The cultural phenomena of fashion and fad should be understood as a struggle to create stories. Modern culture is “branded.” The music we listen to, the clothes we buy, the slang and jargon we speak, the way we vote are all “brands” with which we identify. Together, such allegiances reveal stories we tell ourselves. They are our “identity.” But these stories are not handed down to us; they are not the stories of previous generations. The vacuum created by the absence of earlier stories (“they should have no story”) creates an existential emptiness. Human beings cannot exist without an identity. We need names and a sense of who we are in relation to other things.
It would seem obvious that most people are unable or unwilling to create their own stories from whole cloth. Despite all of our vaunted individualism, modern people still enjoy having shared stories and stories told to them. Quite often, however, those stories lack transcendent meaning. The sports fan can derive a deep sense of belonging and a story of shared sacrifice, victory or defeat. He may experience a deep catharsis when his team wins a championship. But as a story that gives meaning, sports are simply banal and empty. “Heroes” who are paid multi-millions to “sacrifice themselves” stretch the meaning of “heroic.”
We consume stories, or rather we approach stories like consumers. And like most consumer choices, the larger part of the “decision” is unconscious. And like a child at the dinner table, we rarely choose what is, in fact, good for us. Angry teenage angst has become a standard feature of our cultural landscape. But many of the stories in our culture, generated by the music industry, game companies and other purveyors of cultural mythology, rarely offer anything useful. The anger and confusion endemic in our modern invention of adolescence is merely exploited for profit. The occasional addictions and suicides that may result are simply the price of doing business. It is a price paid by the customers.
Being human is not a task for amateurs. Throughout history, stories have been handed down; they are traditioned to us. The reasons the stories survive and continue to be told is that they work. Of course, some stories that are traditioned have a darkness within them, and the corrective of time and experience alters or eliminates them. But there are some stories that, rightly told, are transformative, both of people and of whole civilizations.
The story of Christ (which has the benefit of having actually taken place) changed the world. The notion of human dignity, individual worth, forgiveness and redemption, the solidarity of the human race are rooted in that story. The story of Christ elevated slaves and brought evil empires to their knees. In the darkest moments of subsequent history, those whose lives have been shaped by His story have whispered and kept faith and hope alive, and sometimes lived to see their hope vindicated and their oppressors swept into the dustbin of history.
The story of Christ, rightly told, creates beauty and raises civilizations and cultures to new heights.
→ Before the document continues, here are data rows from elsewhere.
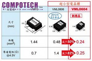 在封裝方面,内部構造的最佳化、透過導入高精度封裝加工技術,相較之前最小電晶體封裝的VML0806(0.8mm×0.6mm、高度0.36mm),嵌入面積減低50%。做為電晶體封裝成為世界最小尺寸。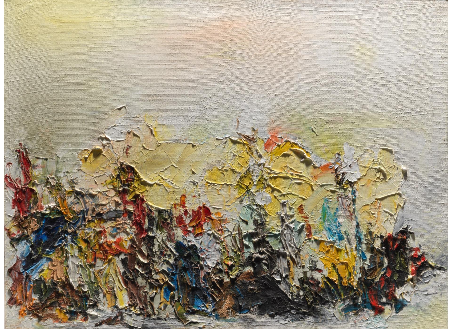 The primary graphic structure is broken by a thick juxtaposition of brushstrokes and patches dominated by contrast, opposing warm and cold colors, shadows and light, primeval Chaos and Silence.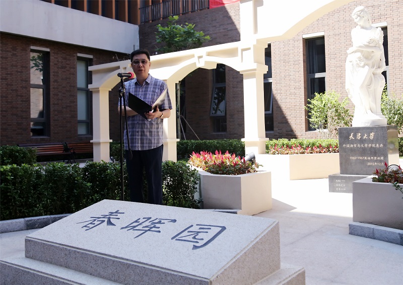 9月9日,“春晖园”落成剪彩仪式在天津大学北洋园校区外国语言与文学学院举行,天津大学党委书记李家俊、1962-1967英语师资班校友、校友总会基金处处长潘峰、文学院党委书记马小宝、文学院院长李旭以及师生代表五十余人参加了活动。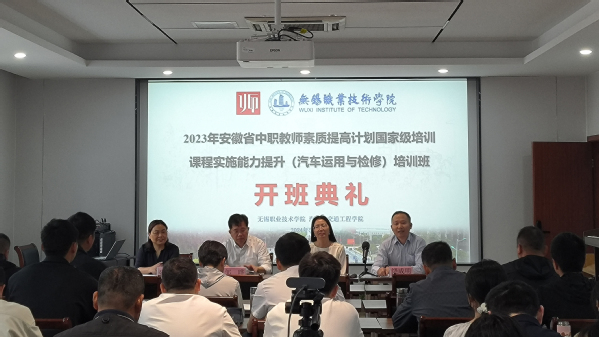 5月13日,2023年安徽省职业院校教师素质提高计划国家级培训汽车运用与维修课程实施能力提升培训班在我校汽车与交通工程学院二楼培训教室开班。校党委副书记杨雪琴、继续教育与培训部、汽车与交通工程学院等部门相关负责人,以及培训班全体学员出席开班仪式。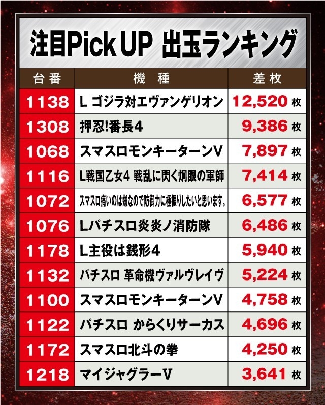 この日は、万枚超を叩き出し出玉ランキング1に輝いた『L ゴジラ対エヴァンゲリオン』や万枚超目前に迫った『押忍!番長4』を筆頭に定番人気のスマスロが大盛り上がりであった。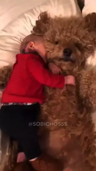Amor felpudo: este bebê encontrou o melhor travesseiro com seu amigo peludo! 🍼🐾 #fy #fyp #kwai #viral #pets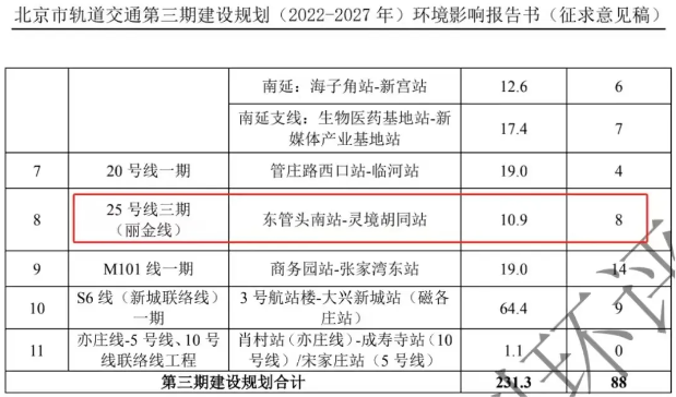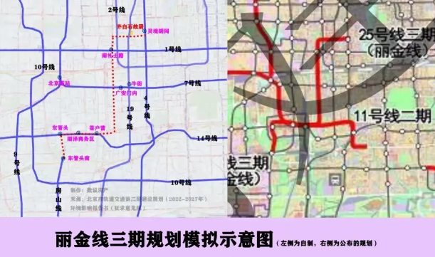 根据此前北京轨道交通三期规划中涉及“丽金线”的公示内容,25号线三期(丽金线)共设8座车站,南端的东管头南站为25号线(房山线)的既有车站,北端为灵境胡同站。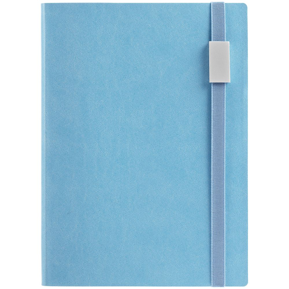 Ежедневник с гибкой обложкой, выполнен из материала Latte, голубой JJ, дополнен резинкой шириной 1 см с металлическим шильдом, капталом и ляссе голубого цвета.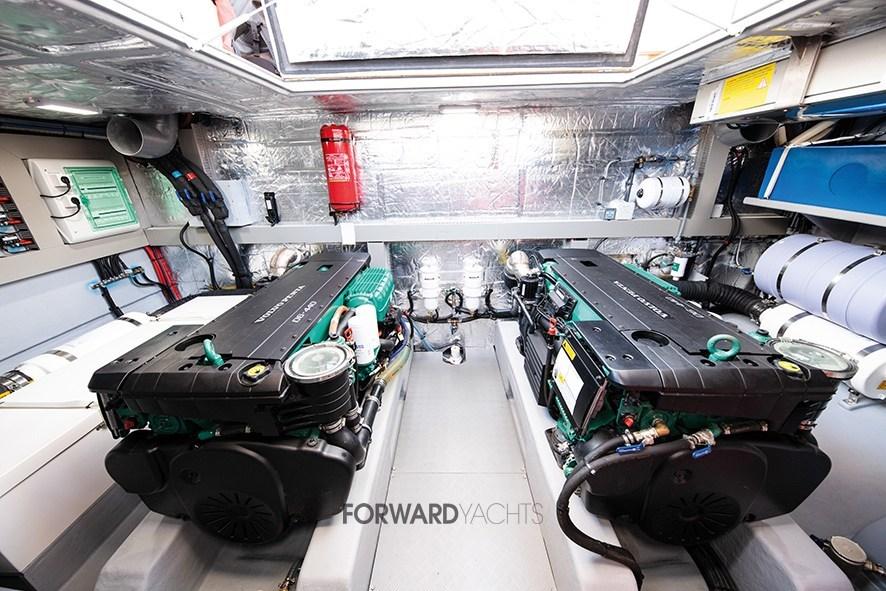 Moteur Volvo Penta 480 CV très peu d’heures de la moto et des accessoires précieux : propulseur d’étrave, climatisation dans chaque cabine, couvertures d’hiver complètes, ouverture du compartiment moteur électrique, passerelle hydraulique surdimensionnée et modifiée, dessalinisateur, groupe électrogène de 10 kW.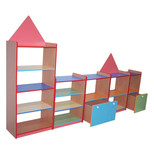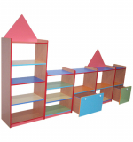 Описание: Основной цвет бук или кремовый. Фасады цветные, по желанию заказчика. Стенка разделена на 5 стеллажей, основа стеллажей - цвет бук или кремовый, полки и фасады ящиков - цветные. Один стеллаж высокий, над верхней полкой задняя стенка из ЛДСП в виде треугольника, всего 5 полок, задней стенки нет. Остальные стеллажи одной высоты: два - с выдвижными ящиками на колесиках и двумя полками, задних стенок нет. Третий стеллаж с 4-мя полками, без задней стенки, 5-тый стеллаж с тремя полками, над верхней задняя стенка из ЛДСП в виде треугольника.

Those effects are simply collateral creations. In general, the whole of what we count as good in our present world is the fruit of such benefits.
It will be objected by some that Christianity has also been a source of evil – crusades, inquisitions, persecutions and pogroms. But those are the result of false stories, interjected in order to distort and misdirect. The Christian story is in no way one of endless, absolute triumph and perfection. It is the story of a deeply flawed and broken humanity that would destroy itself unless it was rescued. It is the story of repentance and forgiveness – and always the Good-Creating hand of God redirecting our false starts and deviations to return us to the path of wholeness and resurrection.
The greatest and truest fairy tales are those that “rhyme” with the story of Christ and His saving Pascha. For this is the primal story, told before the foundation of the world. It is the origin of all happy endings, including “happily ever after.” You can’t make up stories like this.